In combination with the Nexus metallic fibres, the socks are made from a combination of Merino Wool, Nylon and Acrylic. That tells me that if they get wet, they should keep you warm still, and that they’ll be able to wick any sweat away from your feet quite well. I’m imagining that, in order to combine the wool and the metals, someone, somewhere is breeding Terminator Sheep.
So, on to the price. And at this point you’ll remember that I mentioned these socks had some exotic metals in them and that’s perhaps why they’re £25. Per pair. Ouch. That’s double the price of something like a Smartwool trekking sock.

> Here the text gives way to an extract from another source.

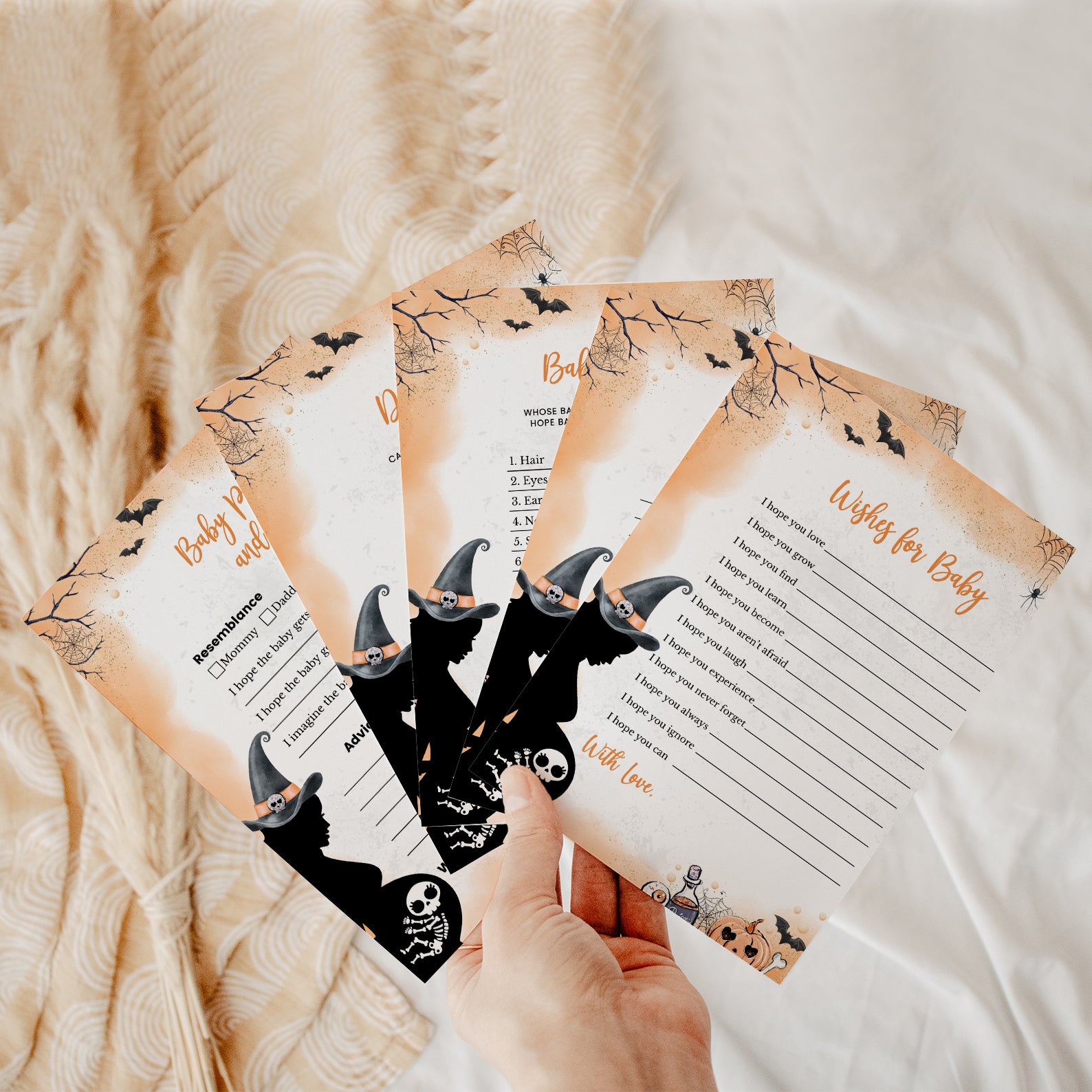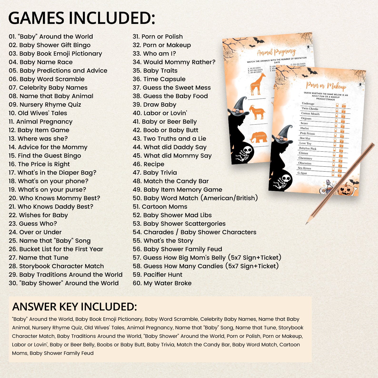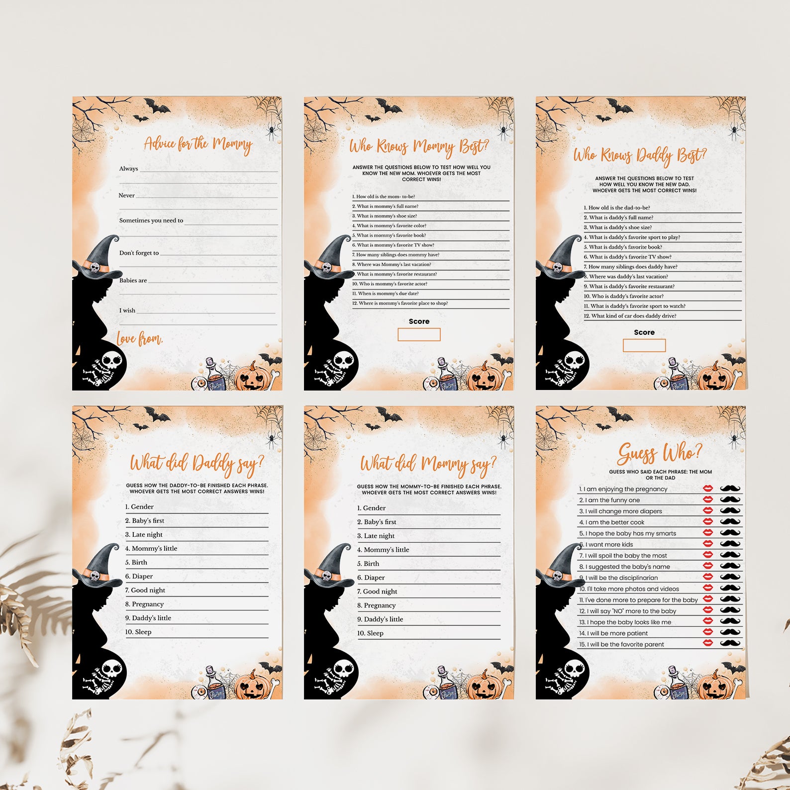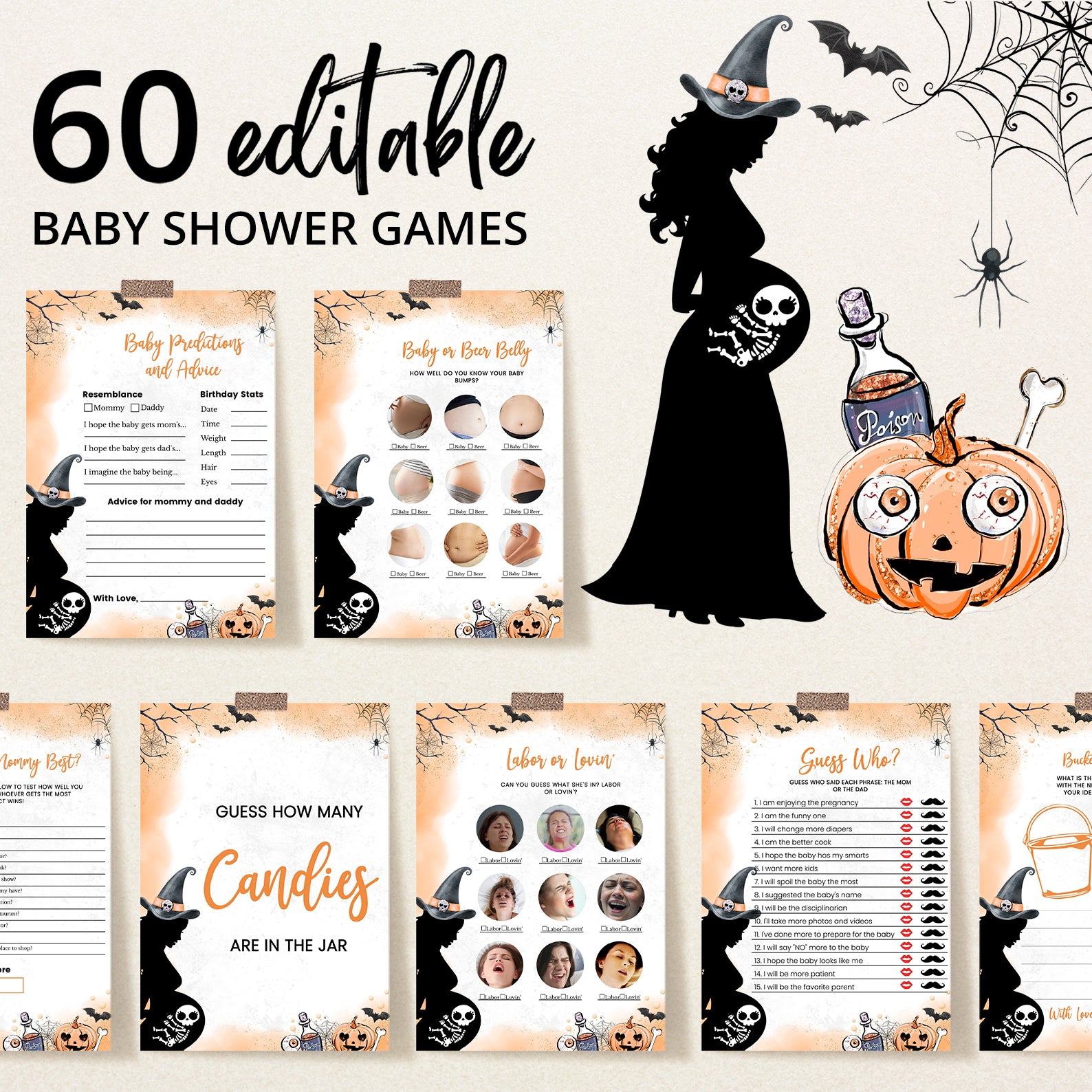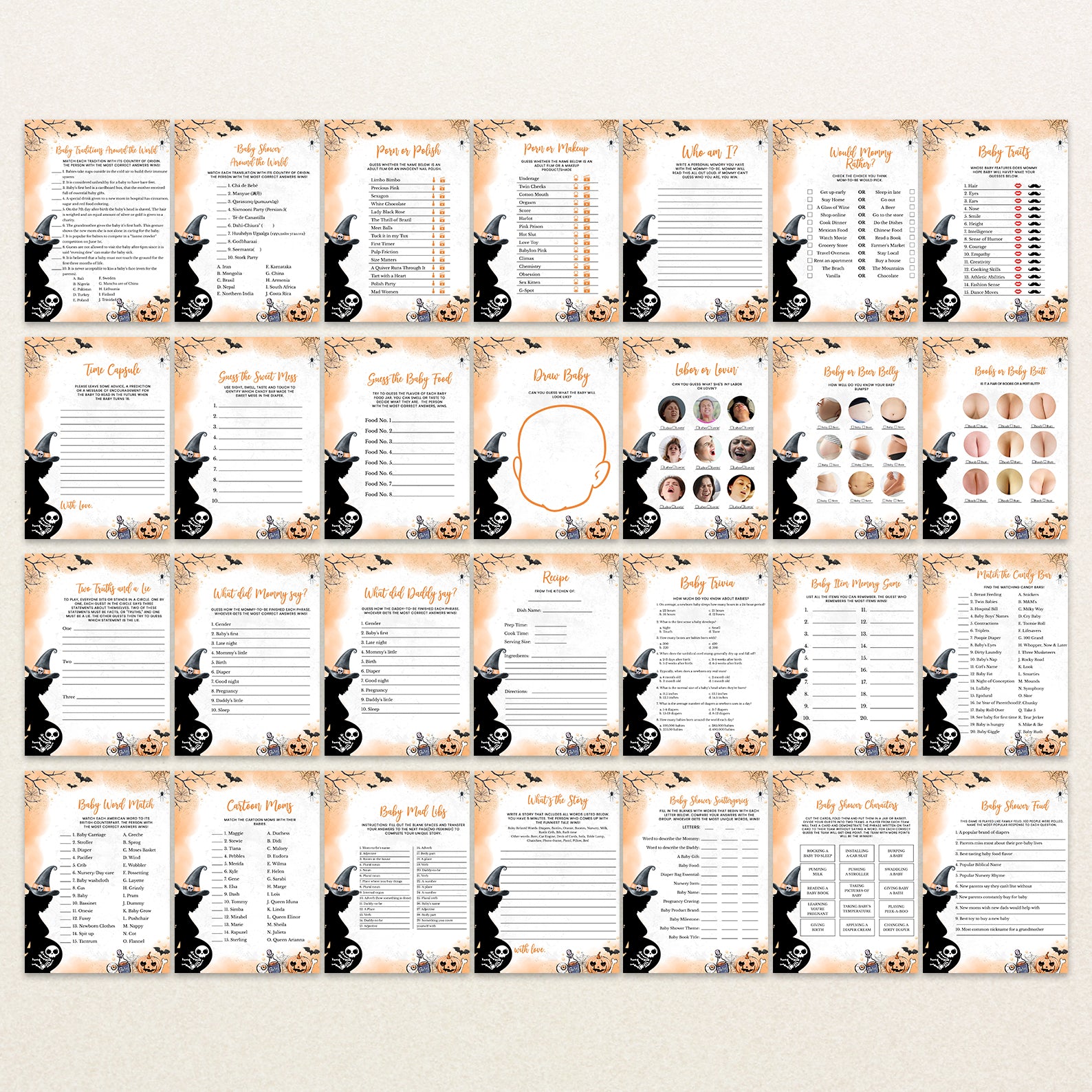Bring excitement to your baby shower with our "Baby is Brewing" game bundle! This set includes editable games featuring Halloween elements like pumpkins, bats, potions, and cauldrons. Choose from themes and colors such as green, purple, blue, and orange. Perfect for any Halloween-themed baby shower, these games showcase a pregnant witch wearing a spooky hat with a baby skeleton on her tummy. Keep your guests entertained and make your event unforgettable with this delightful game bundle.

SUMMARY: I’d love to be cynical and call bovine-droppings on Accapi’s ‘magic ingredient’ claims, but the fact is that after wearing these socks all day, including on a couple of short hikes (one in boots, one in shoes) my feet feel really hot but at no point uncomfortably hot. They’re comfortable and well made, but not the most padded trekking socks. At £25, they’re very expensive indeed and that has to affect the rating. Whether or not you can justify the cost with the belief that they’ll aid your recovery and performance, and help cure minor injuries is up to you. I’ll going to rate them at 3-Hammers, and I’ll come back to this review if and when I feel some long-term benefit.